Monday 18 July 2016

Shooter kills Three policemen in Baton Rouge.



Three Baton Rouge law enforcement officers were killed on Sunday and three others wounded in an attack by a lone gunman with an assault style rifle, once again thrusting Louisiana’s capital city into the national spotlight.

The shootings were the latest chapter in two convulsive weeks in which the nation was transfixed by video accounts of the fatal shooting of Alton Sterling by Baton Rouge police on July 5 and a separate shooting of a black motorist in Minnesota.

Two days later, five Dallas police officers were gunned down in an attack eerily similar to Sunday’s shooting on Airline Highway. The gun battle — in which the attacker was killed — unfolded not far from police headquarters, the scene of often tense protests over the killing of Sterling.

The suspect, identified by law enforcement sources as Gavin Eugene Long, of Kansas City, Missouri, is believed to have been the only shooter involved, State Police officials said. Two others who were later detained in West Baton Rouge Parish and questioned were released late Sunday.

It was unclear why Long was in Baton Rouge, how long he had been here and whether he came to confront police. He had travelled to Dallas shortly after the five police officers were shot there on July 7. The shootings in Baton Rouge took place as officers responded to a report of a man armed with an assault-style rifle near a convenience store at Airline Highway near the Hammond Aire Plaza.
As President Barack Obama, Gov. John Bel Edwards and others weighed in on an incident that filled the national airwaves, some details began to emerge Sunday afternoon about the victims and the shooter.

The law enforcement officer victims were identified as Baton Rouge police officers Montrell Jackson, 32, and Matthew Gerald, 41, and East Baton Rouge Parish Sheriff’s Deputy Brad Garafola, 45.

Garafola’s widow, Tonja Garafola, said he was working extra duty at the convenience store. She said his shift had ended at 8 a.m., the last shift he had to work before heading out Monday on vacation.

Sheriff Sid Gautreaux said Brad Garafola was killed when he saw the two Baton Rouge police officers under fire. “He lost his life going to the aid of a Baton Rouge police officer.

He saw the officer down and ran in the direction of the shots to try and render aid.” “I’ve been knowing him since before he became a sheriff’s deputy. (He was) just a good guy, a good family man,” Gautreaux said of Brad Garafola. Gautreaux said Sunday that a 41-year-old deputy was “fighting for his life,” while another 51-year-old deputy underwent surgery with nonlife-threatening wounds.

Gautreaux said all the deputies involved are married with families.

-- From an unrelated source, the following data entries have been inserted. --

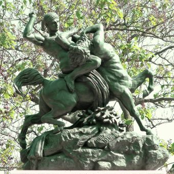 Theseus Fighting Bienor, sculpture by Laurent Marqueste
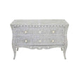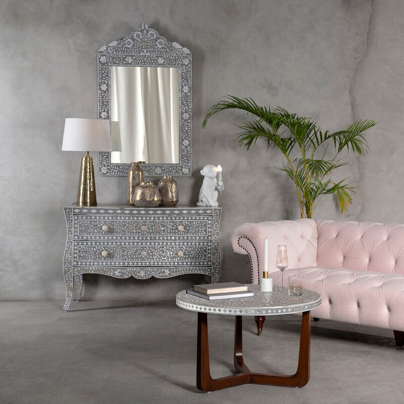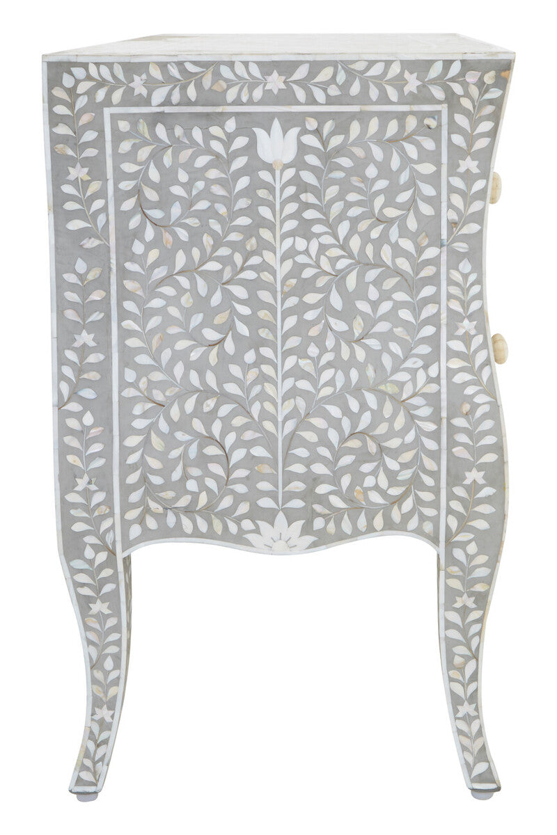 Handcrafted in India by skilled artisans, our Classic Mother of Pearl Inlay chest of drawers is crafted from sustainable mango wood the individual pieces of mother of pearl have been lovingly hand carved and set into dove grey resin to create a beautiful floral design. Featuring two wide drawers, ideal for storing clothes and linens that are perfect for organising and storage . The unit is elegant with the curvature of its cabriole legs and the statement piece will add style and flair to your home.
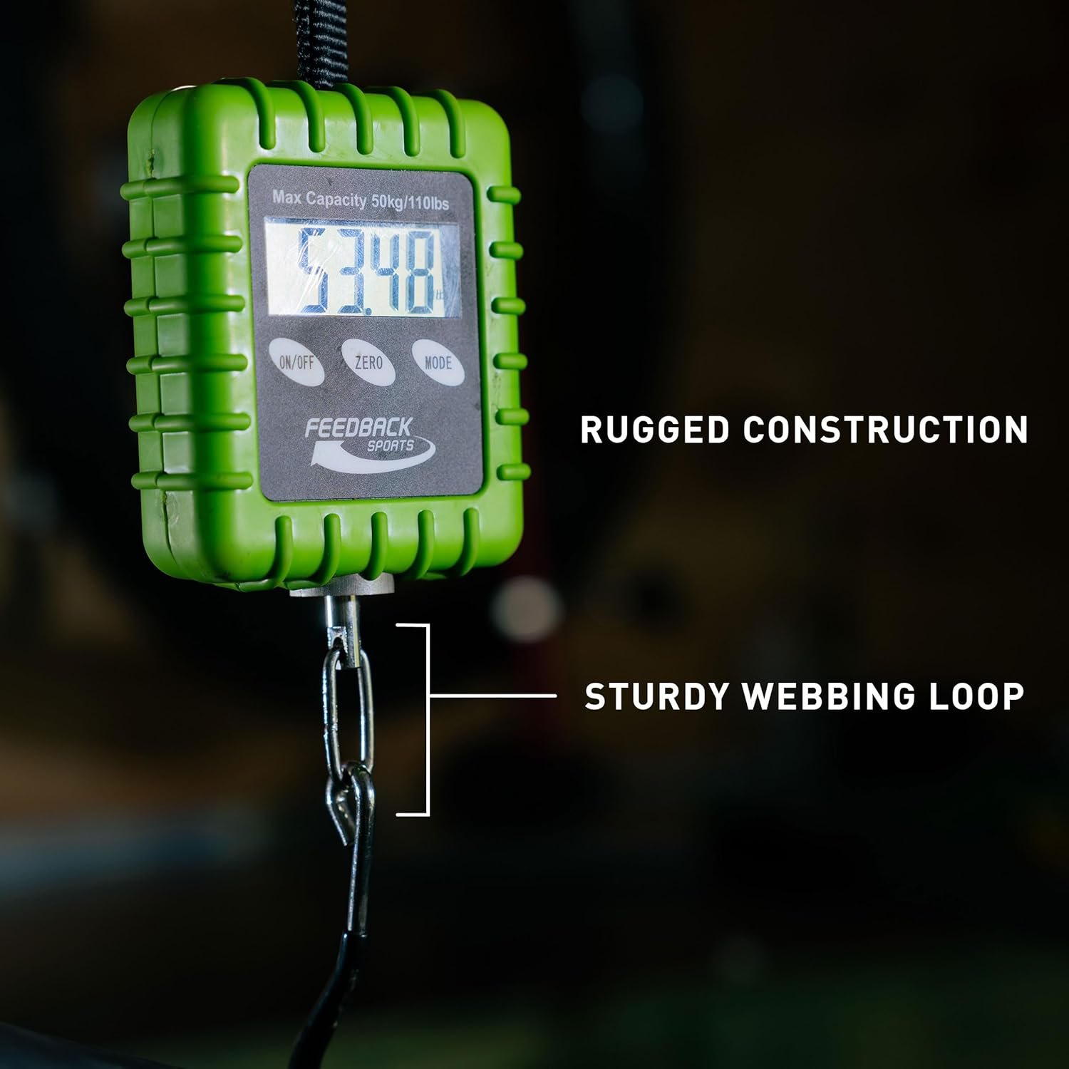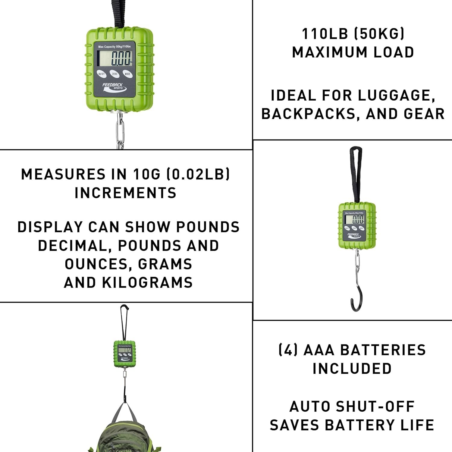 FEEDBACK SPORTS | Expedition Backpacking, Biking, Luggage 110lbs Capacity Digital Scale | Protective Rubber Exterior, Lbs/Kgs/Ounces/Grams/Decimal LCD Display | Batteries Included
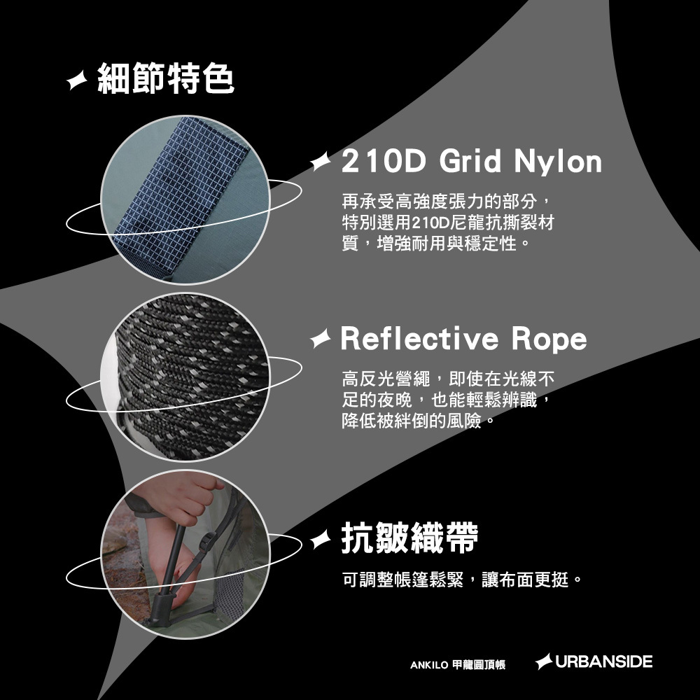 ★此賣場僅販售URBANSIDE ANKILO 甲龍圓頂帳,不含其他拍攝物,可自行另購。
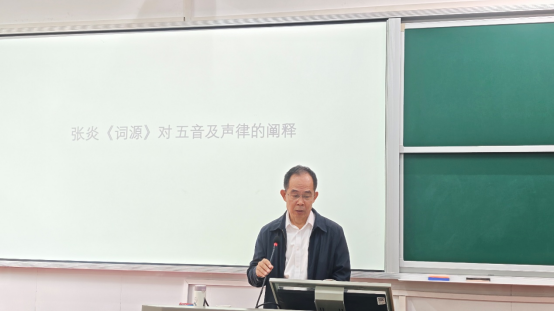 (通讯员罗曙)2025年10月17日上午,河北大学博士生导师、曲学研究中心主任田玉琪教授前来文学院作了题为“张炎《词源》对五音及声律的阐释”的学术讲座。讲座由吴晨骅老师主持,谢雨情老师、闫梦涵老师及中国古代文学专业的研究生30余人到场参与学习交流。
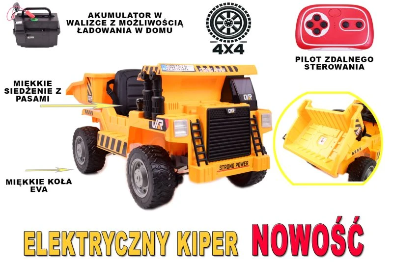 Najnowszy MEGA WYWROTKA NA AKUMULATO 4X4 Z ELEKTRYCZNYM KIPREM/JS3198 zachwyci całą pewności zainteresuje młodego wielbiciela pojadów budowlanych - napędzana jest 4 mocnymi silnikami o lącznej mocy 180 WAT STRONG2.
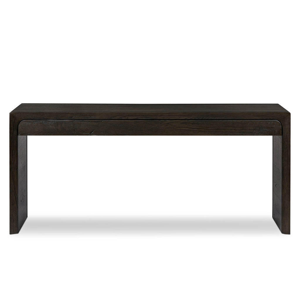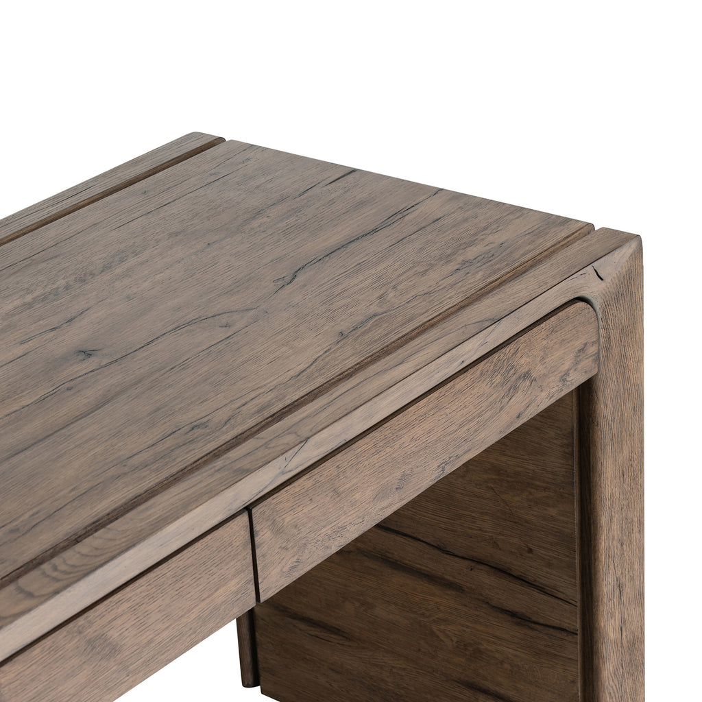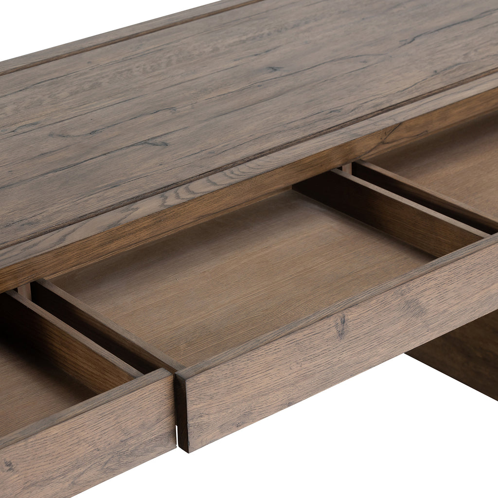 Made from solid reclaimed oak finished in a rustic gray, this slim-profile desk shapes subtly curved corners, bringing a handcrafted look to a minimalist form. Designed in partnership with longtime Four Hands collaborator Thomas Bina and Brazilian designer Ronald Sasson.

At a news conference Sunday afternoon, Edwards and East Baton Rouge Mayor- President Kip Holden stood with grim faces to update the public on the stunning killings less than two weeks after a sniper killed five officers and injured others in Dallas.

State Police Supt. Col. Mike Edmonson gave a nearly minute-by-minute account of how events unfolded, with Baton Rouge Police officers receiving a call at 8:40 a.m. about a man carrying a rifle walking in the area of Airline Highway and Goodwood Boulevard.
Soon afterward, Baton Rouge officers responding to the call for help at B-Quik on Airline Highway just north of Old Hammond Highway saw a person dressed in all black standing behind a beauty supply store holding a rifle, Edmonson said.

At 8:42 a.m., a call came in to officers that
shots were fired, he said. Two minutes later, another call surfaced that officers were down at the scene, he said. At 8:45 a.m., law enforcement received another report of shots fired, he said.
By 8:46 a.m., officials received a report that the suspect was standing near a car wash next to the convenience store, Edmonson said.

Two minutes later, emergency medical responders arrived to attend to the wounded, he said. “Officers engaged the subject at that particular time, and he ultimately died at the scene,” Edmonson said.

While the initial call and gun battle played out over a period of about 30 minutes, confusion and fear paralyzed the city all day as officers tried to determine whether the killer had accomplices, and their probe kept Airline Highway shut down for hours.